I turned and fled. And kept fleeing until I was in the mountains of eastern Lordaeron.
I could bore you with ten years…but I will not. Part of the reason is that I do not remember it all that well. My family destroyed, my body defiled and defaced, my kingdom a smoking ruin, the orcs rampaging across the planet…this led me to a breakdown, and I wandered the hills and forests of Lordaeron, living as a scavenger, keeping to myself, minimizing contact with the humans that lived there. The few that I tried to contact for succor at the start of my ravings drove me off with fire and pitchforks, screaming at me that I was a monster and should die.
So I lived in the wilds and likely started many rumors of the beastman of Lordaeron. I did not care. For a while, I became a creature of survival, not caring about anything but where next the food would come from.
Years passed in a devolved, depraved haze. Then I met my first zombies. I was hovering at the edge of the village I was living closest to, Silverdale, southwest of Stratholme, looking for junk and rubbish that I might use in the cave that I called home, when I saw a child…a girl child…shambling toward me. I moved to hide, and hid well, but she seemed to sense me without seeing…indeed her eyes seemed oddly vacant. I left rapidly. I did not want this child to find me and did not want to have to hurt her, seeing as how she looked sick or insane. I was digging up roots about a half a mile away from the dump when I heard a shuffling.
It was the little girl. And three others. And they all had that glassy look and lurched rather than walked. And I knew…I knew that they were undead, and part of the listlessness cleared in me. Undead were abominations and had to be destroyed, and even a worthless, useless coward such as myself had a responsibility to do so. I drew the rusted sword I had stolen from a crypt and struck them down…they were not very powerful, so it was not a challenge.

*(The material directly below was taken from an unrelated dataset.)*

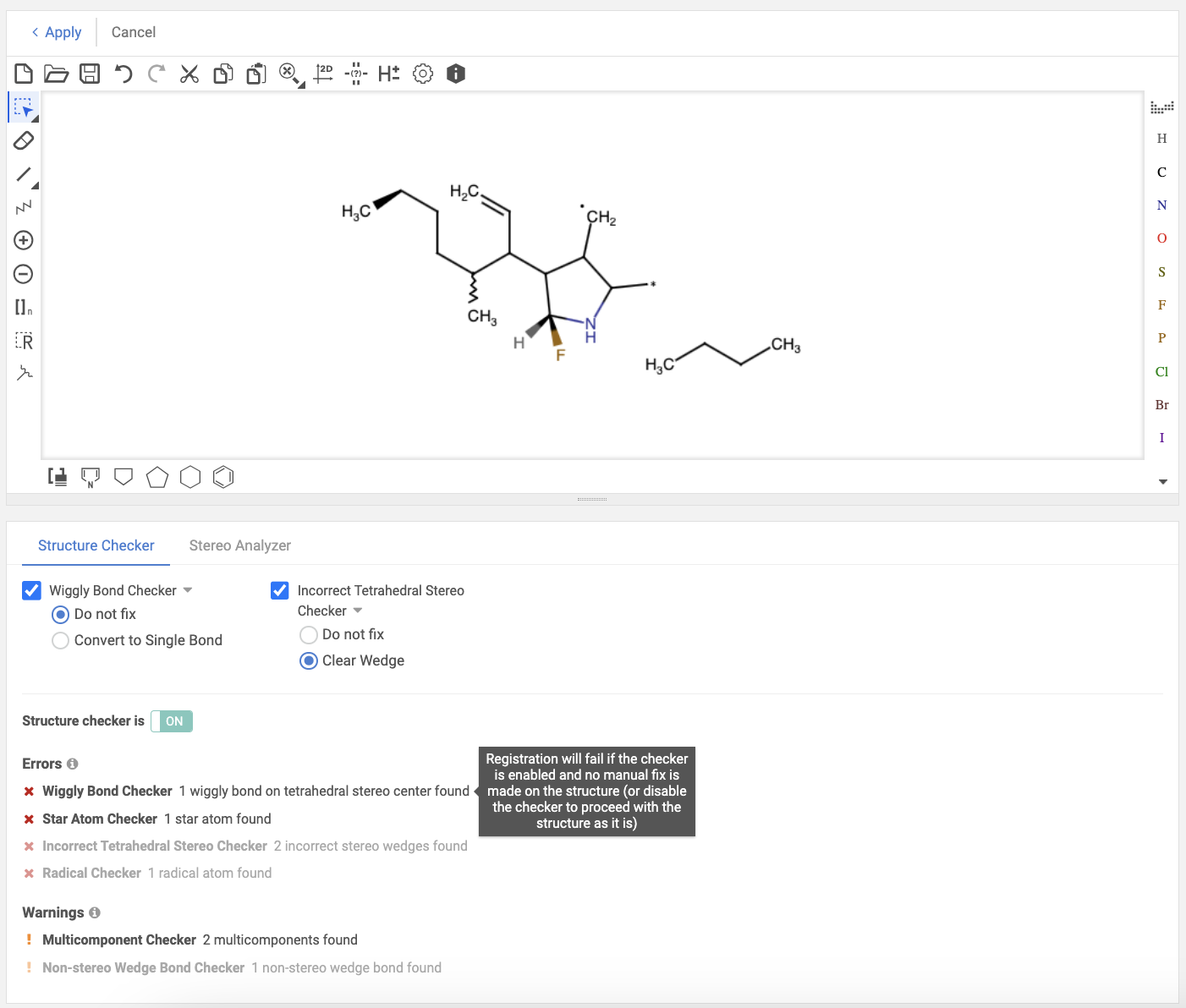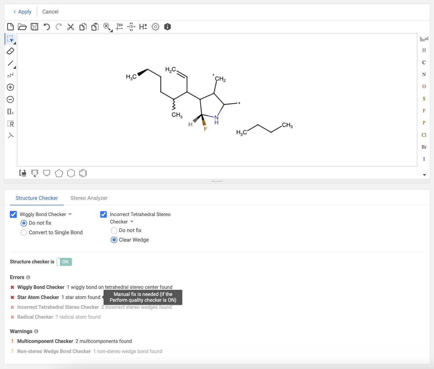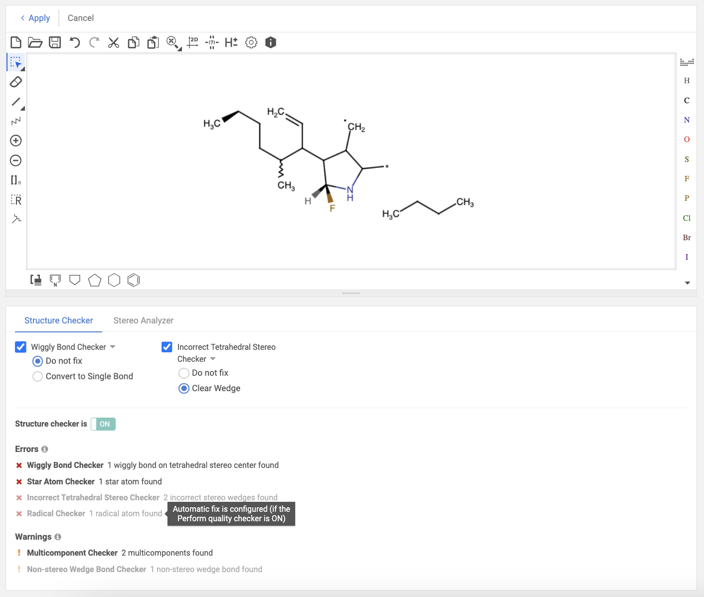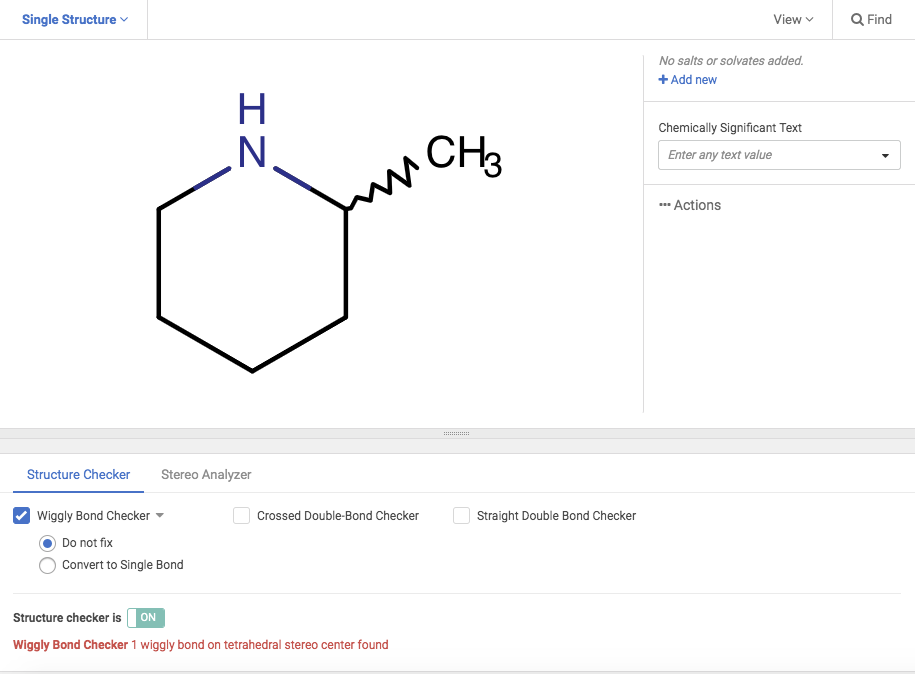 Using the Stereo Analyzer option, stereocenters and stereo double bonds can be recognized. User can even automatically change structures by applying fixers to the molecule.

I then, as awake as I had been in ten years, set to trying to find out *why* there were undead roaming. I resolved to go into Silverdale and tell the local burgher of this troubling news.
Silverdale was quiet as I entered. Quiet and still, and it felt very wrong. I saw bodies of rats and cats dotted about the streets. And dogs. And then horses. One was still weakly struggling, so I went to see if I might put it out of its misery. I bent over the horse’s head, and its eyes rolled back in its head. It stopped moving. I sighed. Some sickness was in this town, I thought, I must surely leave.
Then the horse’s eyes rolled back, no longer dark and glistening but milky, with a glowing cinder deep inside. It lurched as if to get up, snapping at me. I stabbed it repeatedly with my sword until it stopped moving. Panting, I looked up and around, nearing panic. Then I went past near, through panic and into sheer terror. I was surrounded by the walking dead! Villagers once, monsters now, shuffled toward me, moaning and keening.
I leapt upward and grabbed the edge of the roof of the building I was in front of. I pulled myself up just as the first pallid arms reached for me.
And I did something I had not done in ten years. I prayed. I prayed to the Eternals to deliver me from this, to help me destroy them, or at very least to not let me fall and become one of them. I recited liturgies half-remembered from centuries before, I prayed directly to the Light, as I had heard the humans do, and I ran. Again, I ran. All my life fleeing, this time from not merely death, but undeath as well. I leaped from roof to roof, finally crashing through the thatch of a small cottage on the edge of town. I recoiled in horror as two children looked up from devouring their mother. I might have screamed like a woman.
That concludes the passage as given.